"Мы голодаем, а они толстеют в Марароке",-гласила старая поговорка, и жители Маашавы чувствовали, что в ней есть большая доля истины. Так что, если бы хорошо оплачиваемый, сытый чиновник потерял голову, здесь мало кто бы горевал по этому поводу. С типичным для фермеров фатализмом они рассудили, что всегда найдется кто-то, кто захочет занять его место.
Так что теперь, столкнувшись с дико неотразимой перспективой массовой казни в исполнении такого очевидного художника, как Хассаун, они начали подбадривать и поощрять его к большим подвигам.
Хассаун был рад услужить. Он начал танцевать из стороны в сторону, нанося удары сверху, сбоку и глубокие удары массивным мечом, позволяя ему мелькать и метаться со всей скоростью змеиного языка.

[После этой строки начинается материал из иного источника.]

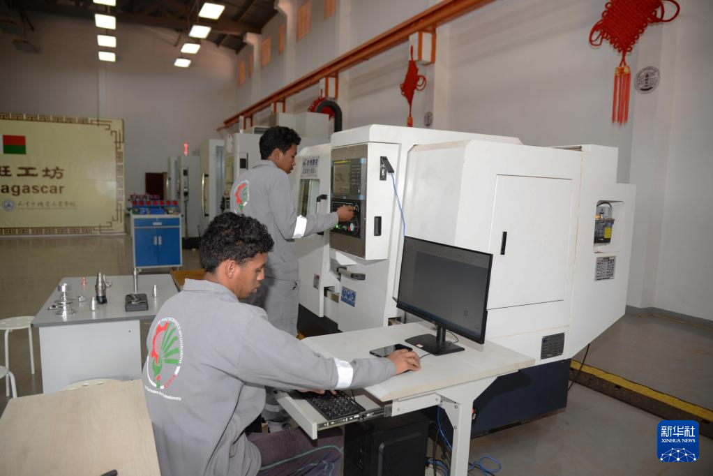 2月10日,在馬達加斯加首都塔那那利佛的魯班工坊,機械工程專業(yè)學生進行數(shù)控機床的教學實踐。新華社發(fā)(西塔卡·拉喬納里松攝)

Он ходил взад и вперед, слева направо, потом снова налево.
Затем он подпрыгнул высоко в воздух и нанес огромный, изогнутый вниз удар мечом, имитируя обезглавливание коленопреклоненной жертвы. Острие с глухим стуком вонзилось в деревянные доски, и он снова отпустил его и отскочил назад, оставив меч дрожать от силы удара.
Так же быстро он схватил двуручную рукоять и рывком освободил ее, затем начал ходить на коленях из стороны в сторону, опускаясь на колено с каждым шагом, и все время держа меч вращающимся, сверкающим и режущим. Пение его имени усилилось, ритмичность песнопения соответствовала ритму его движений.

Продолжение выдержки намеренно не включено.